Nextcloud server with history

The script bootstrap.sh will download a clone of the server code repository. Depending on your use case, you might be interested in having the complete or a partial history of the Nextcloud server at your fingertips.

TL;DR

If you want to have a quick and dirty solution to just bootstrap the dev environment, just use ./bootstrap.sh. If you want to intensively work on the server, use ./bootstrap.sh --full-clone. If you want to switch from time to time between server versions and save bandwidth/storage, use ./bootstrap.sh --clone-no-blobs.

Clone with depth one by default

If you do not provide any additional information to the bootstrap script, it will truncate the history of the server repository. This truncation is done after exactly one commit. That means the clone you will get will contain exactly this single commit.

Info

This will create a clone with --depth 1. See the man page of git clone for more details on the implications.

As this is mainly the same data as the tarball, the download in this mode is the fastest of all options.

If you want to play around with the different server versions, you need to download these and unshallow the repository using git fetch --unshallow. This will take quite some time and will download the complete server history.

Clone with complete history

If you know that you will need the complete history of the server repository, you might want to avoid first creating a shallow copy and then unshallow it directly. To cope with this, you can append --full-clone to the ./bootstrap.sh command line:

./bootstrap.sh --full-clone

The benefit is that the complete repository is present and you can browse the history as you like. The obvious drawback is that you have to download the complete history which might take a significant amount of time.

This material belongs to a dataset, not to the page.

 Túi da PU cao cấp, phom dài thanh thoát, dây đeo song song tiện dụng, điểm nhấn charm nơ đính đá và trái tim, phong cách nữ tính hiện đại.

Clone with the blobs filtered out

There is also one more option to the script, namely --clone-no-blobs. This works only with a sufficiently recent version of git. Instead of a shallow clone (where the history is truncated), a partial clone created by this parameter has the complete history attached. In that sense, you can navigate the complete history as you like. You would do the following to create such a partial clone:

./bootstrap.sh --clone-no-blobs

The main difference to a shallow clone is that the cloned repository will not download all files (git calls them blobs) stored in the past. Instead, once you checkout a certain commit, git checks for all files if the corresponding file has been downloaded in the past. If it was, it uses this copy. If the file was not yet downloaded, a new connection to the upstream repository has to be made and the missing blobs are downloaded. Just after the clone of such a partially cloned repo, git will download all blobs needed to view the (current) branch content. This is very similar to the shallow clone where only the content of the last commit is downloaded.

As the complete history is generally known, you can use the normal git commands to handle such a repository. You can just pull/fetch as you are used. Switching a branch might download the required files on the fly. Any later update (using git fetch or git pull) will respect the setting and also download no blobs directly.

Info

This will clone the repository with --filter blob:none. Again see the man page of git clone for more details.

The benefit of this approach is obviously that you can have a complete history that you can work with (as long as you do not need the file contents). The initial clone takes a bit longer than the shallow one as additionally the history commits (without the contents) need to be transmitted.

The obvious drawback is that once you need to checkout a file that was never checked out in the clone, it has to be downloaded and a live internet connection is needed.